Endlich kam der Umstrittenste der sieben: Rudolf Heß, 53 Jahre alt, ehemaliger Stellvertreter des Führers und Reichsminister. Seine gehetzten Augen wanderten über Flugplatz und Bus. Sein Mund war mürrisch verkniffen. Nichts war mehr von dem zukunftsfrohen Mann, der noch während des Kriegsverbrecherprozesses in Nürnberg Botschaften an das deutsche Volk verfaßt hatte, zu spüren. Er sei schizophren, behaupteten die Ärzte. Er wurde jetzt als Nummer 7 geführt.
© 1974 Deschverlag, München.
Albert Speer und Rudolf Heß verbrachten nach den Nürnberger Prozessen Jahrzehnte gemeinsam im Kriegsverbrechergefängnis Spandau. Die Gartenarbeit war dabei ein zentraler Bestandteil ihres Gefängnisalltags und diente sowohl der Beschäftigung als auch der psychischen Bewältigung der Haft.
Albert Speer hatte seine Zeit im Spandauer Gefängnis die Haftzeit zum Abfassen von Tagebüchern, Erinnerungen und Buchmanuskripten genutzt.

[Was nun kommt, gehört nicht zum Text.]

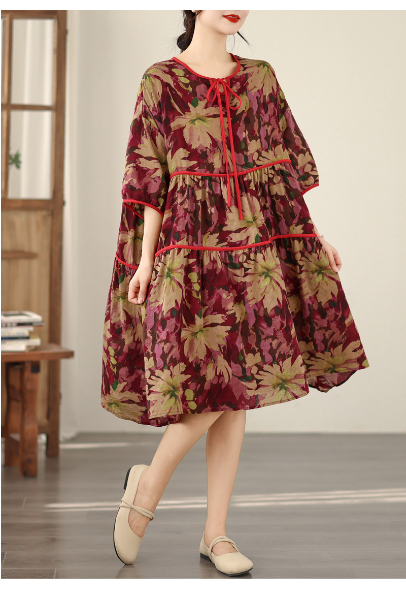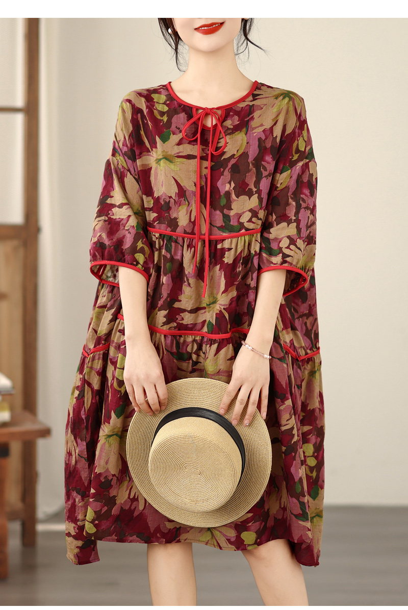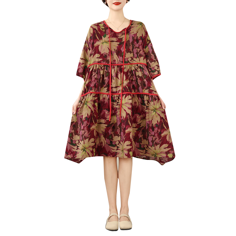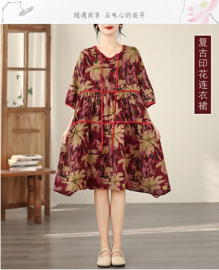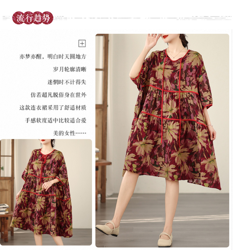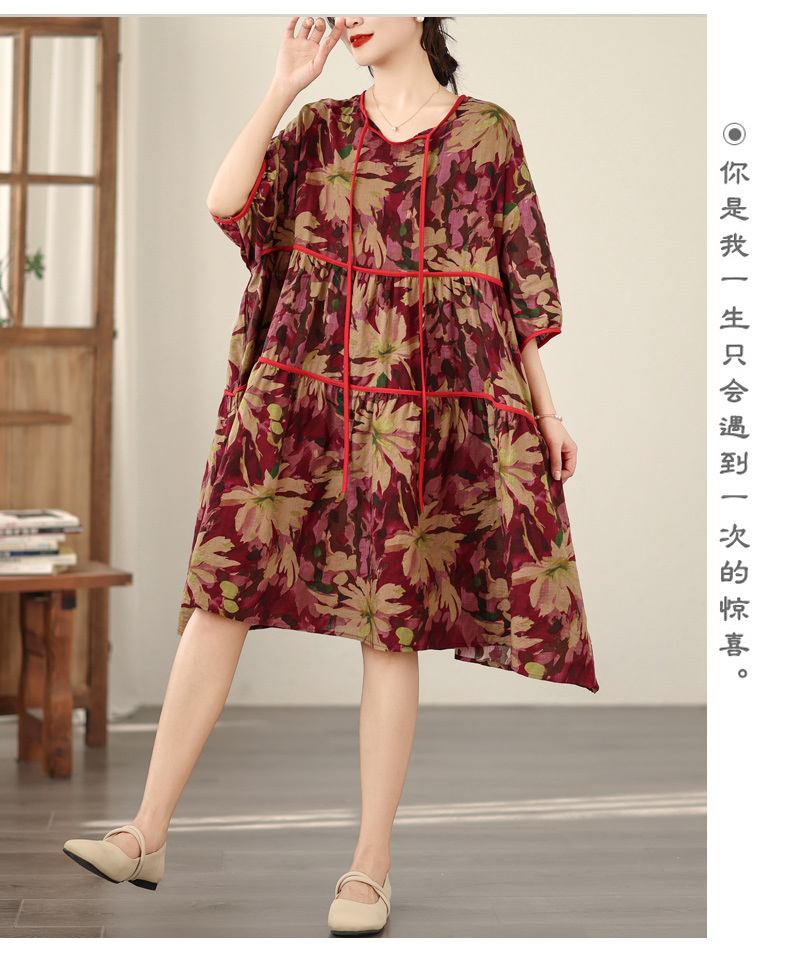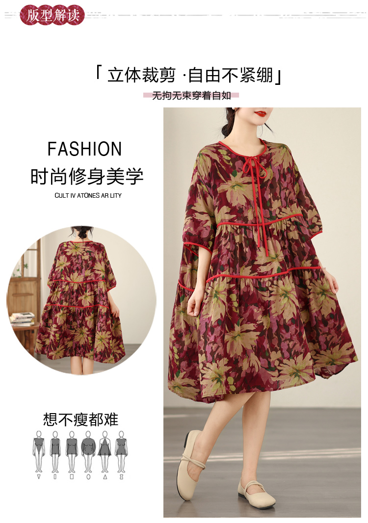 RY1867# 实拍2026新款夏季大码棉麻印花领口系绳宽松气质显瘦百搭连衣裙

Die heimlich angefertigten Niederschriften wurden mit Hilfe von bestechlichen Wächtern und Pflegern nach draußen geschmuggelt. Die Veröffentlichung seiner Rechtfertigungsbücher war durch Wolters möglich, der die Zettel treulich gesammelt hatte. Sein „Spandauer Tagebuch“ und die „Erinnerungen“, aber auch gut bezahlte Artikelserien und Interviews machten Speer zu einem wohlhabenden Mann und trugen zur Legende bei, er habe von Hitlers Verbrechen nichts gewusst und sei nur ein unpolitischer Technokrat gewesen.

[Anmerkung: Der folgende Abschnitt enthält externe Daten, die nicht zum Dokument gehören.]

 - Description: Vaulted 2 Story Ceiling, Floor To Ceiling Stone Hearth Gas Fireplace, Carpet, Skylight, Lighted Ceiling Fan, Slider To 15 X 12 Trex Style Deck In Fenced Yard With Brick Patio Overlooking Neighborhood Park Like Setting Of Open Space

Als Albert Speer und der ehemalige Reichsjugendführer Baldur von Schirach am 1. Oktober 1966 inter großer Medienbeteiligung entlassen wurden, blieb als Einziger der frühere Hitler-Stellvertreter Rudolf Heß noch in Haft. Der war in Nürnberg zu lebenslanger Haft verurteilt worden, die er am 17. August 1987 durch Selbstmord beendete. Einzelheiten des Suizids sind nicht geklärt, Neonazis deklarieren das Ende ihres Idols als Mord. „Es war mir vergönnt, viele Jahre meines Lebens unter dem größten Sohne zu wirken, den mein Volk in seiner tausendjährigen Geschichte hervor gebracht hat“, erklärte Heß, unbelehrbar und uneinsichtig, wie er war, in seinem Nürnberger Schlusswort mit Blick auf Hitler. Dieser war in Rage geraten, als er von Heß‘ spektakulären „Friedensflug“ am 10. Mai 1941 nach England hörte. Sofort ließ er Personen aus der engen Umgebung seines für verrückt und zur Unperson erklärten Stellvertreters ihrer Posten entheben und als angebliche Komplizen verhaften.
Quelle: http://helmutcaspar.de/

Die Deutsch-Polnischen Nachrichten verfolgten Speers Weg nach Heidelberg.
Nachdem am 23. Mai dann auch die letzte Reichsregierung im Sonderbereich Mürwik verhaftet worden war, wurden Karl Dönitz, Albert Speer und Alfred Jodl in den Freigängerhof des Polizeipräsidiums Flensburg gebracht, wo die internationale Presse Fotos machen durfte.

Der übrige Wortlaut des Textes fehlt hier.